TEMPO.CO, Klaten - Seorang pelatih atlet difabel harus menguasai ilmu cabang olahraga yang diampu serta berpengalaman menjadi atlet. Selain itu, mereka dituntut memiliki tingkat kesabaran yang tinggi dan lebih sensitif terhadap kebutuhan khusus atletnya.
Baca: Atlet Tunanetra Berlaga di Cabang Atletik Lompat Jauh, Caranya...
"Kalau menegur jangan dengan cara kasar, jangan sampai melukai perasaannya," kata Tomy Priya Dinata, 24 tahun, pelatih atlet difabel lompat jauh asal Desa Sobayan, Kecamatan Pedan, Kabupaten Klaten, saat ditemui Tempo pada Kamis, 22 November 2018.
Tomy adalah satu dari empat pelatih cabang olahraga atletik yang ditunjuk National Paralympic Committee (NPC) Klaten untuk Pekan Paralimpik Provinsi (Peparprov) Jawa Tengah III/2018 di Kota Surakarta pada 13 - 16 November lalu. Dari 32 atlet difabel asal Klaten yang mengikuti di Peparprov Jateng 2018, empat di antaranya bertanding di nomor lompat jauh.
Tomy mengatakan, sebagian atlet difabel Klaten yang bertanding di cabang atletik Peparprov Jateng 2018 terbilang masih baru. "Kalau latihan ada yang telat, ada juga yang enggak datang. Tapi kami (pelatih) harus sabar dan terus memberikan semangat kepada mereka, jadi kayak ngemong (mengasuh)," kata Tomy yang baru lulus S1 Pendidikan Kepelatihan Olahraga Universitas Sebelas Maret Surakarta pada April lalu.
Untuk menanamkan kedisiplinan kepada para atlet difabel, Tomy biasanya memberikan arahan di sela sesi diskusi sebelum latihan selesai. "Saya selalu mengingatkan bahwa mereka berjuang untuk keberhasilan diri sendiri. Pelatih hanya menerapkan ilmu yang dipunyai untuk meningkatkan performa atlet," kata Tomy.

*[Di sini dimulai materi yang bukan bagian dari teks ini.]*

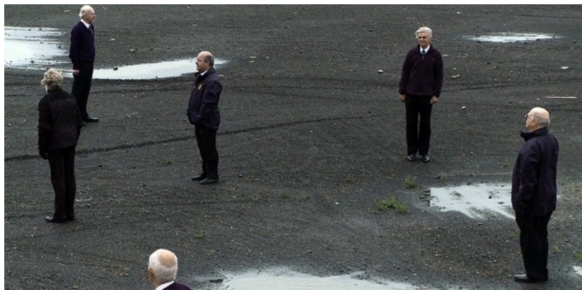
All Together Now

Presented by the Justina M. Barnicke Gallery
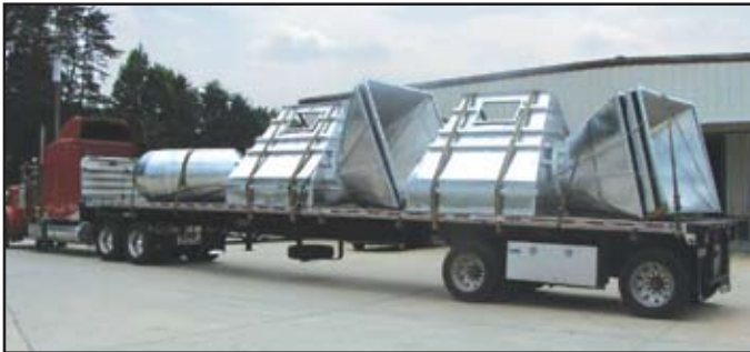
Your Custom Component's Transportation Needs Are Met With Ease

It sometimes takes up to five trailer loads to transport one of our fabrications – but, if we can build to these specifications, we can handle any special requirement.
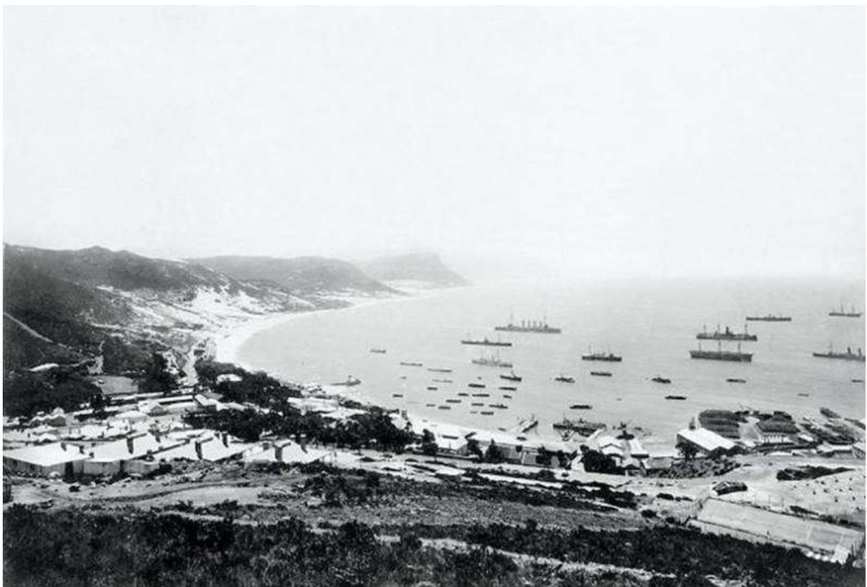
The Naval base in Simon's Town 1900
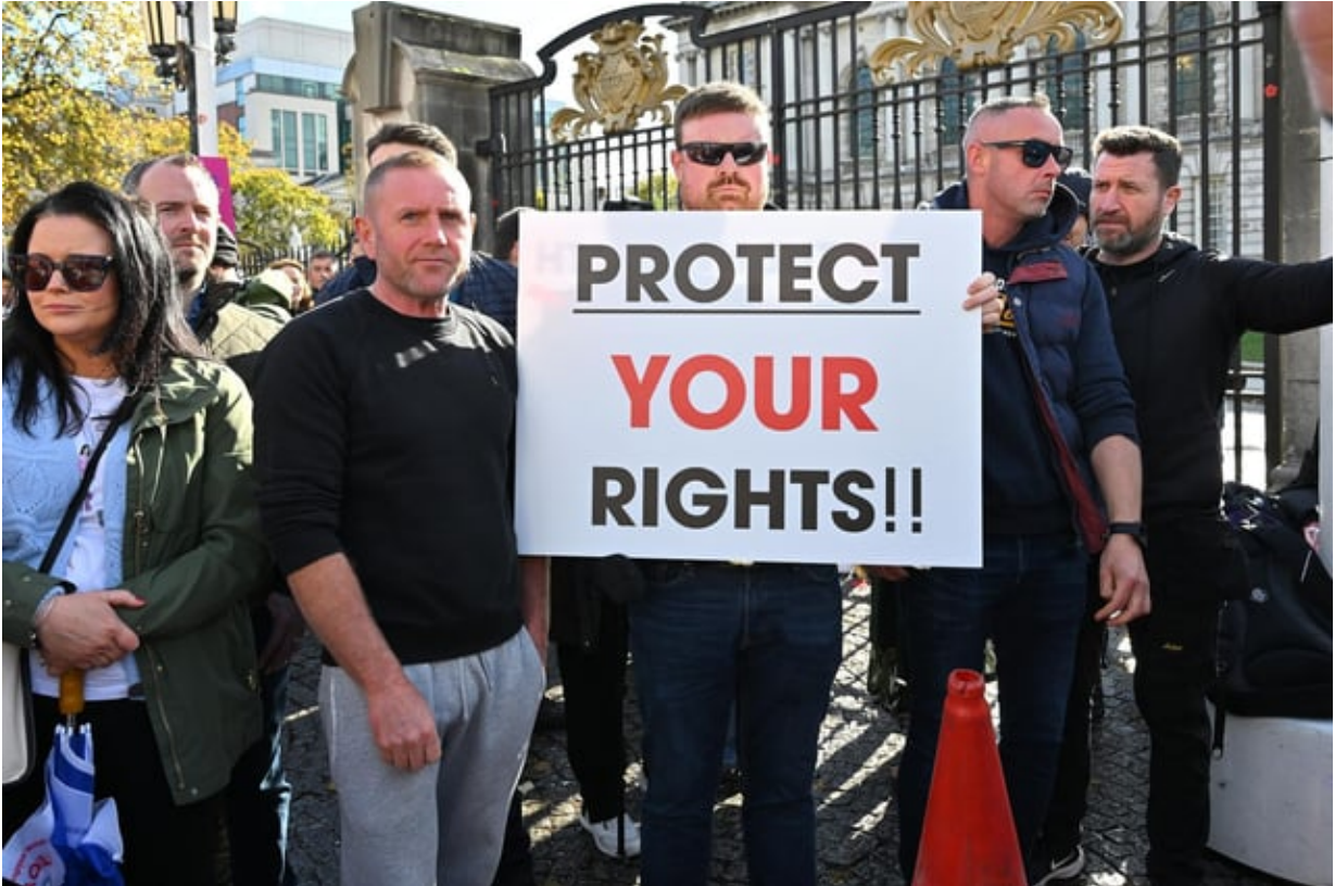
Protestors pictured at Belfast City Hall against the NI Public Health Bill.

Meski demikian, Tomy tidak memungkiri ada saja atlet difabel yang terbilang bandel atau tidak menuruti arahan pelatih. "Biasanya saya tegur langsung sambil tetap memberikan motivasi. Kalau masih bandel, ya saya bilang akan lapor ke Pak Sri Mulyo (Ketua NPC Klaten). Kalau sudah begitu, biasanya langsung menurut," kata Tomy sambil tersenyum.
Artikel lainnya:
Cara Atlet Tunanetra Ikut Lomba Lari, Kuncinya di Guide Runner
Untuk atlet penyandang retardasi mental (tunagrahita), Tomy harus lebih berhati-hati jika akan mengoreksi atau menegur. "Untuk atlet tunagrahita agak sulit menerima penjelasan, jadi musti pelan-pelan penyampaiannya. Harus terus disemangati, jangan sampai putus asa," kata Tomy.

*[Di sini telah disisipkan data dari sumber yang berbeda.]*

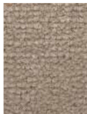
1990 Linen Canvas
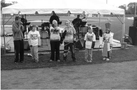
T-shirt Competition '08

THIS YEAR ONLY, our Relay For Life event has the historic opportunity to directly FIGHT BACK against cancer through research. The American Cancer Society is looking for participants to enroll in and promote the American Cancer Society's Cancer Prevention Study-3 (CPS-3) at our Relay.
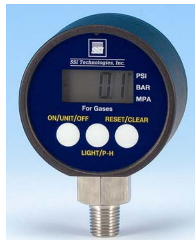
MediaGauge™ Model MG-9V and Model MG-9V-F

The MediaGauge™ MG-9V digital pressure gauge has better accuracy, longer life and standard multiple functions which make it a better choice than mechanical pressure gauges.
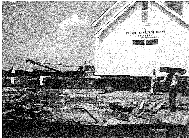
Moving the church.
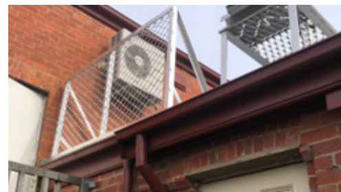
New Safety Barrier.

The Committee of Management has become aware of irregular access to the roof of the building. We have worked with "Elevated Safety Systems" to design and put in place a system that should make this type of roof access much more difficult. Sadly, this irregular access to the roof saw some spouting damaged resulting in water leaking down the outside wall and an area of mould in the main hall. This was easily cleaned off but we really have more things to do than repair this sort of vandalism.
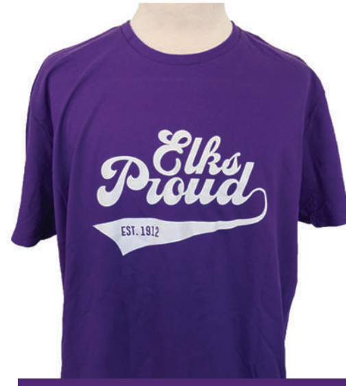
ELKS PROUD T-SHIRT $15.99
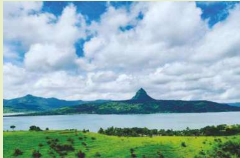
Pawana : 78 km

Joy Villa is centrally located between Mumbai and Pune, making it strategically positioned for easy access via the Mumbai-Pune Express Highway or the Mumbai-Goa Highway. This prime location offers practicality and serves as a convenient getaway from both major metro cities.
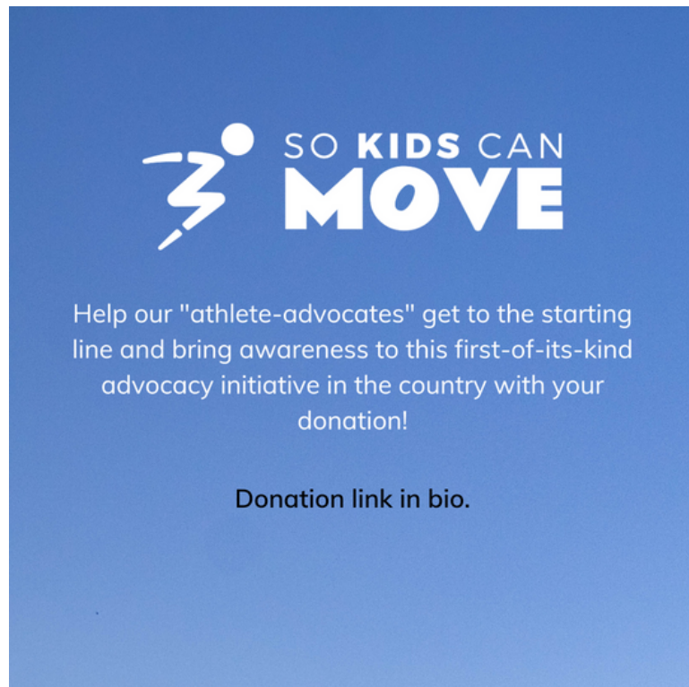
Call to Action
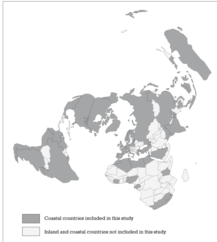
Figure 17.1: Countries included in this study
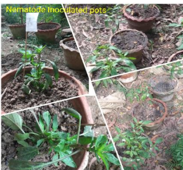
Plate.7 various Insect infestation seen in control plot.
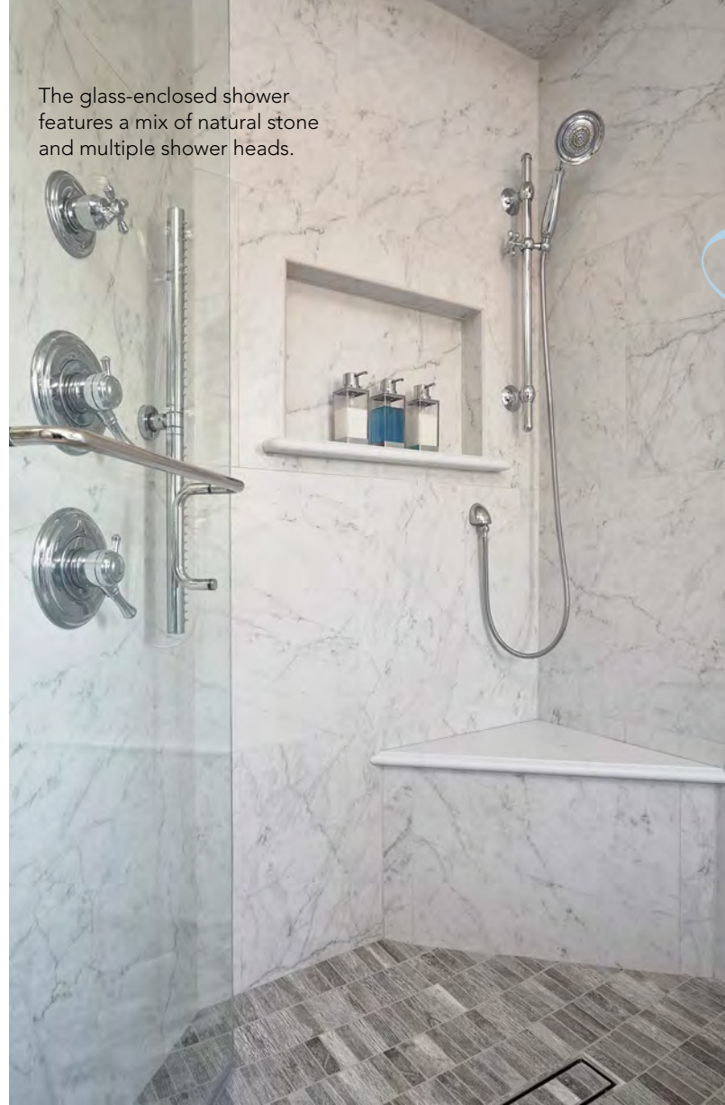
The glass-enclosed shower features a mix of natural stone and multiple shower heads.

The home stands out in the neighborhood. In an area full of homes clearly built around the turn of the latest century, this split-level has the look of a newer home. Barn-style garage doors with divided-pane windows, dark paint with white trim, and rustic front steps give the home an updated coastal-style exterior.
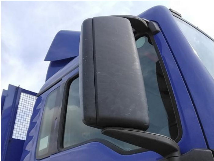
16: Door Mirror Assy osf Scuffed (Unpainted) UpTo 100mm
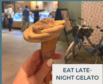
EAT LATE-NIGHT GELATO
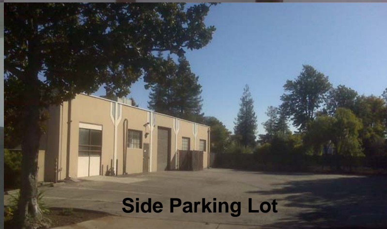
Side Parking Lot
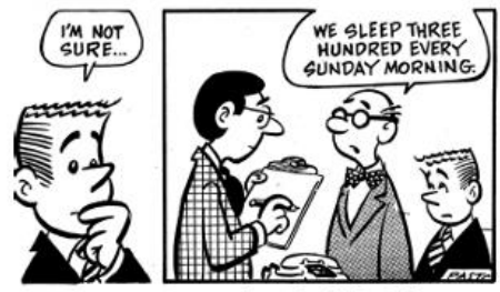
from JoyfulNoiseletter.com ©Doc Goodwin (Phillip's Flock) Reprinted with permission
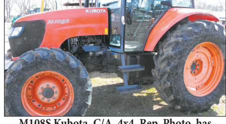
M108S Kubota, C/A, 4x4, Rep. Photo. has Kubota loader $28,500
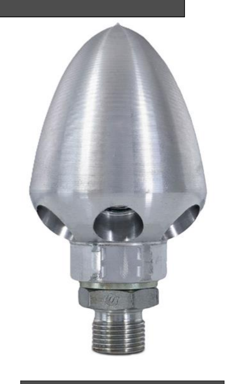
Tulip Nozzle x3 £200
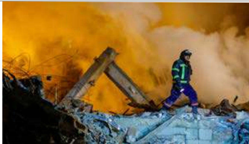
An emergency specialist walks among debris at the site where a building was heavily damaged in recent shelling in the course of Russia-Ukraine conflict in Donetsk, Russian-controlled Ukraine, January 16, 2023.
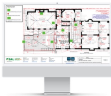
① Marked-up floor plans
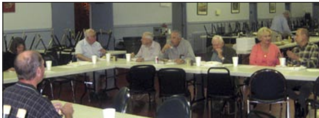
At the VFW make-up meeting, Rotarians shared their remembrances of their mothers in observance of Mother's Day on Sunday.
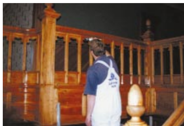
Restoration work which is being completed within the historic Riccarton House.

Note: The Riccarton Bush Trust is a separate legal entity and is not therefore incorporated into the Financial Statements of the Christchurch City Council. The purpose of this page is to show the level of support by the City Council and the scope of the Trust Board activities.
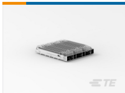
TE Part #4-2170740-1 QSFP28, 1X3, CAGE ASSY, SPRING, HS, LP
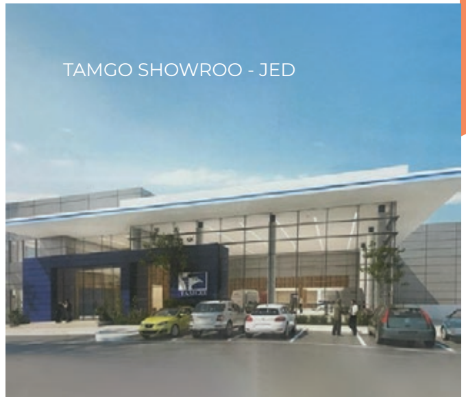
TAMGO SHOWROO - JED

Selain dituntut sabar, pelatih atlet difabel juga harus mampu menakar porsi latihan setiap atlet, tergantung dari keterbatasan mereka. "Volume dan program-program latihan bagi atlet difabel rata-rata 70 sampai 75 persen, tidak maksimal 100 persen seperti atlet umum," kata Tomy yang mengampu empat atlet difabel lompat jauh.

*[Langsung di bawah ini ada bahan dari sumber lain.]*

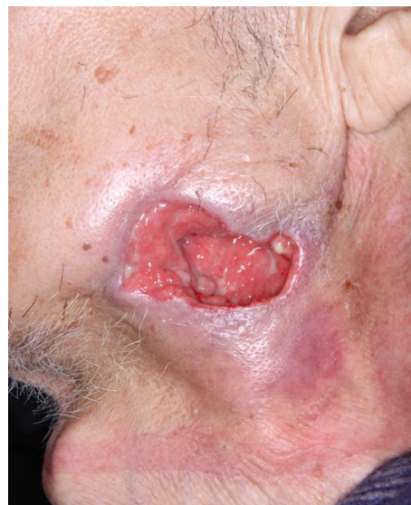
Figure 1. Observation revealed a cutaneous ulcerated lesion in left submandibular region.

Odontogenic fistula is defined as pathologic communication between skin and oral cavity [1]. It is rare and often
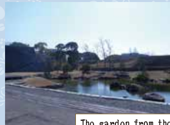
The garden from the viewpoint of lord's room

From the room of lord, the view of garden was the best. Might the lord have spent a time with his wife with seeing a moon? In such a spacious garden, his wife's room was just next to the lord. It is so excellent. (Near the lower-left in the left picture)
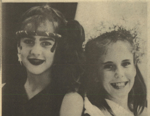
Roses are red, violets are blue...lipstick is black?
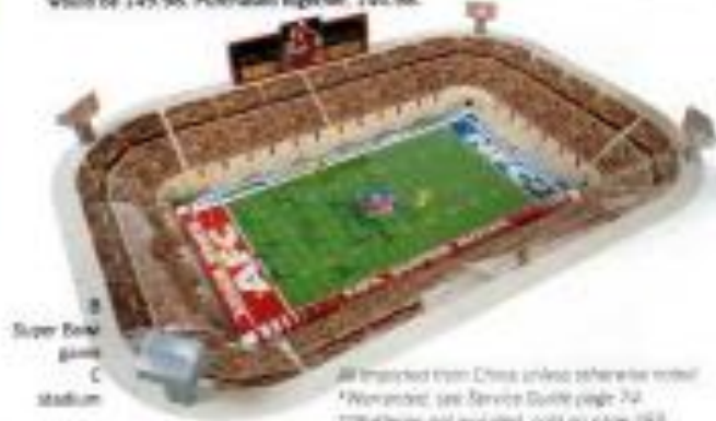
Super Bowl game C stadium

Save $5 when you buy the game (B) and stadium (C) together! Purchased separately, would be 149.98. Purchased together, 144.98.
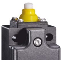
Plunger with collar W
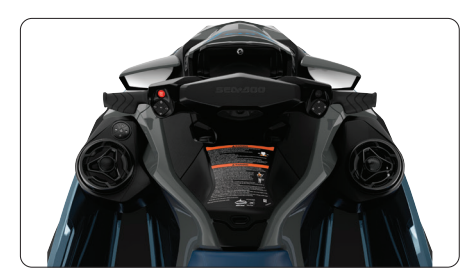
Tech Package (optional) Levels up entertainment and functionality on the water. It includes a factory-installed, truly waterproof Bluetooth audio system, a 7.8" color display and a USB port.

An innovative hull that sets the benchmark for rough water handling, stability and offshore performance.
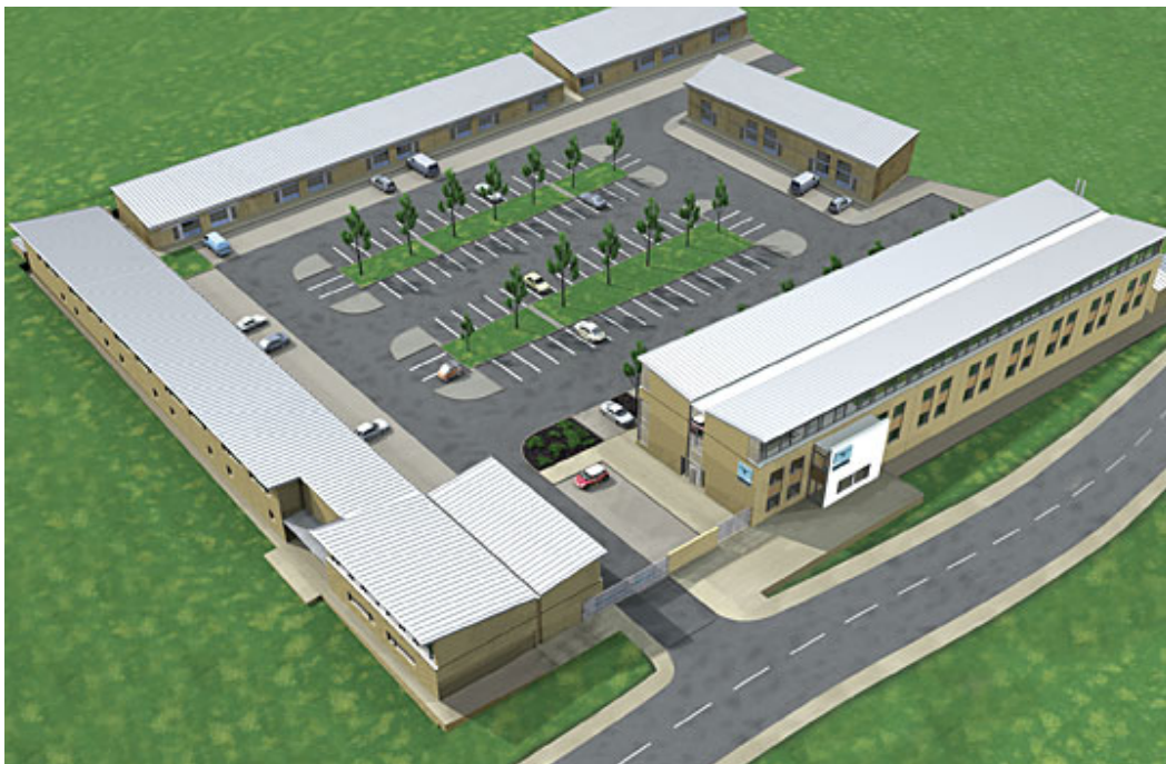
Kestrel Court, Portishead, Bristol

Pelatih atlet difabel lompat jauh lainnya, Atto Kurniawan, 29 tahun, punya cara tersendiri untuk menegur atlet yang bandel atau tidak menuruti instruksinya. "Tidak saya tegur, tapi saya diamkan. Atlet sudah hapal apa sebab saya diam. Tapi kalau mereka sudah memperbaiki kesalahannya, ya sudah, biasa lagi," kata Atto yang menjadi asisten pelatih lompat jauh saat Pemusatan Latihan Nasional (Pelatnas) untuk Asian Para Games 2018.